Conversely after Mutsu blows up in harbor, Japan would be down to a single decently armed Battleship.  Given Japanese carriers had a nasty tendency to get sunk from only 2 hits, you could see a Japanese Navy that vastly more fragile that gets decapitated in battles extremely quickly.  By Leyte Gulf with Japan practically out of planes, their fleet would nearly have nothing to attack the convoys apart from the very slow Battleships that can't withstand torpedo strikes.  They would have an enormously brittle fleet.

Yeah...but the extra damage they could have hypothetically caused at Pearl w/2 extra carriers could have destroyed dockyards & fuel supplies & more ship damage than they already did & hampered US abilities earlier in the war to get what they could repaired & be such a force throughout that Japan maybe wouldn't have lost so many of their pilots by that time & had more favorable outcomes in the other battles leading up to that point.

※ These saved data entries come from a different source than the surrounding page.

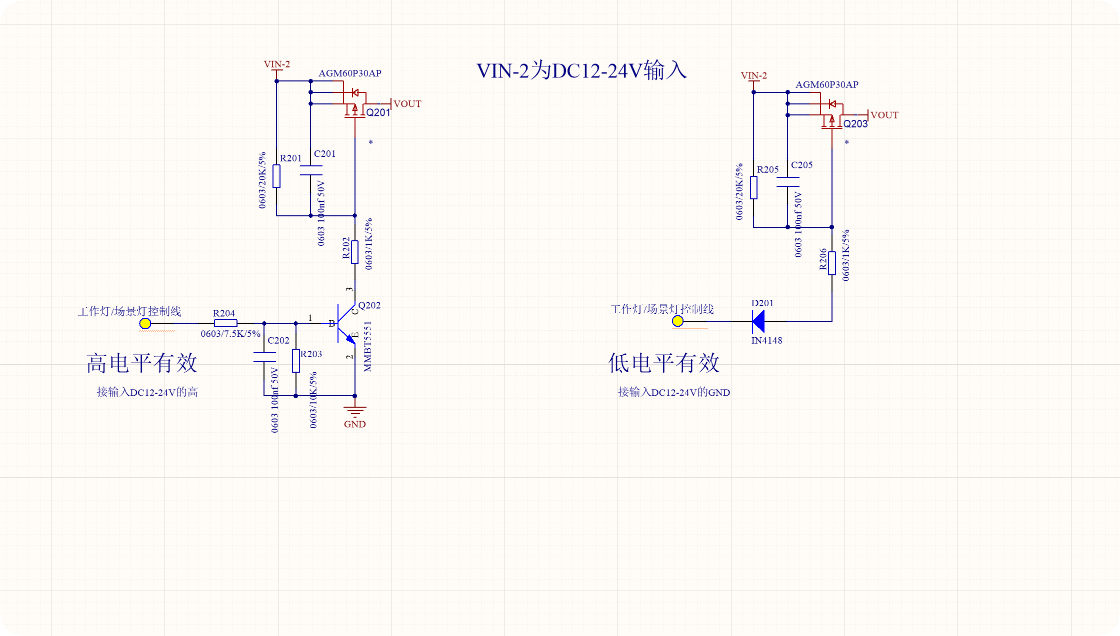 | 右边的低电平控制电路如果要可靠的工作的话,控制信号电平必须要在VIN-2和(VIN-2 - 12V)之间才行,电压过低可能关不掉 |
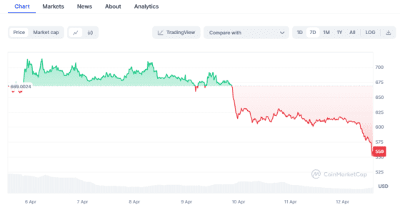 BCH는 뉴욕 시간 12일 오후 1시 45분 코인마켓캡에서 559.30 달러로 24시간 전 대비 8.26% 하락했다. 1주일 전과 비교하면 약 16% 내렸다.
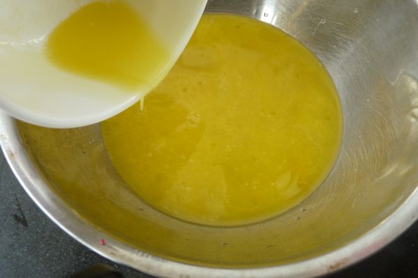 加入泡芙粉稍拌,蛋分几次加入黄油与水混合
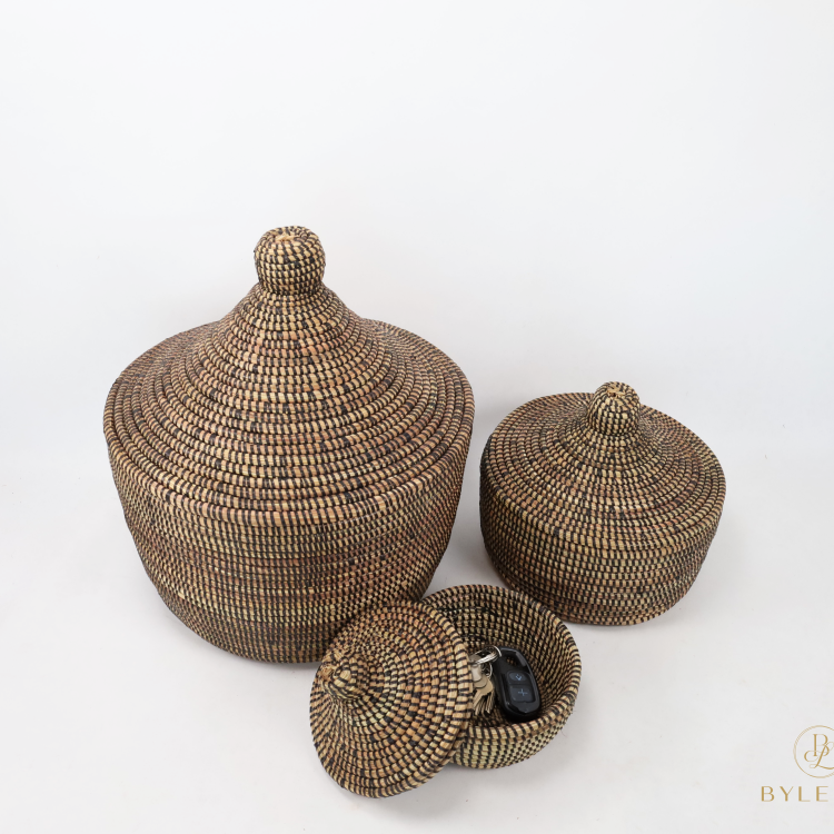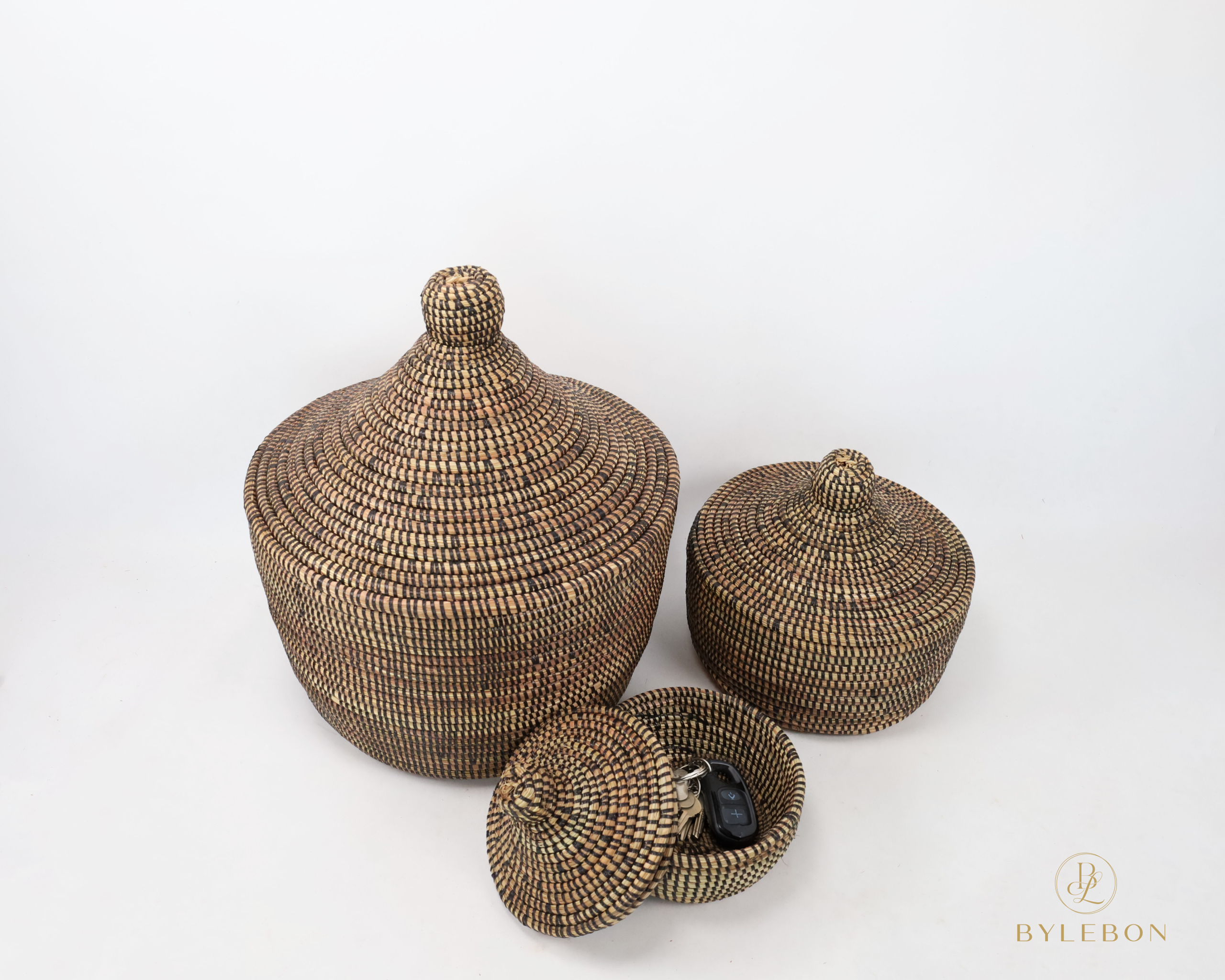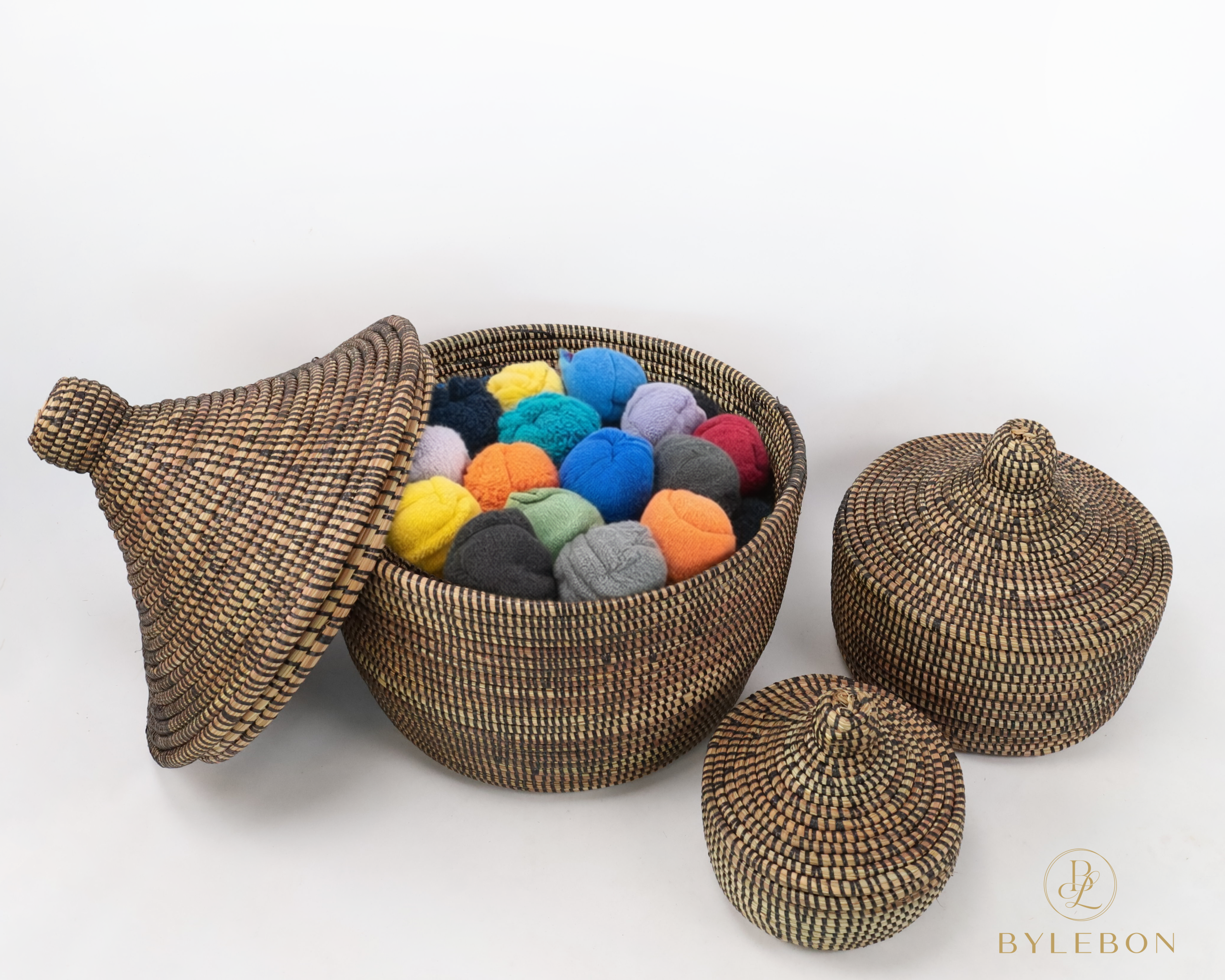 Deze set van 3 Tajine Mandjes – Bruin bestaat uit zorgvuldig handgemaakte opbergmanden, gevlochten volgens traditionele technieken. De kenmerkende tajinevorm in combinatie met de natuurlijke bruine kleur geeft de mandjes een warme, tijdloze uitstraling die past in zowel een modern als landelijk interieur.
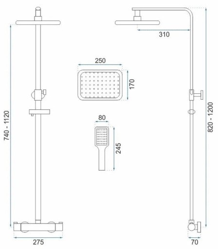 - Skład zestawu: Bateria, wąż prysznicowy ze słuchawką, deszczownica, uchwyt do słuchawki

I know they had at least 1 more wave of planes that were scheduled to attack Pearl...not sure if that was the extent of their reserves or if they had enough pilots to fill another extra wave...if not then an extra CV would have been a waste to have w/out the pilots to man the planes...but if assuming all of the resources spent in building the Yamato were available to build more planes & train more pilots then maybe...of course that left out the resources to actually build the 2 extra CVs but even 1 more CV & the squadron to fill it to go along w/the originally planned extra wave.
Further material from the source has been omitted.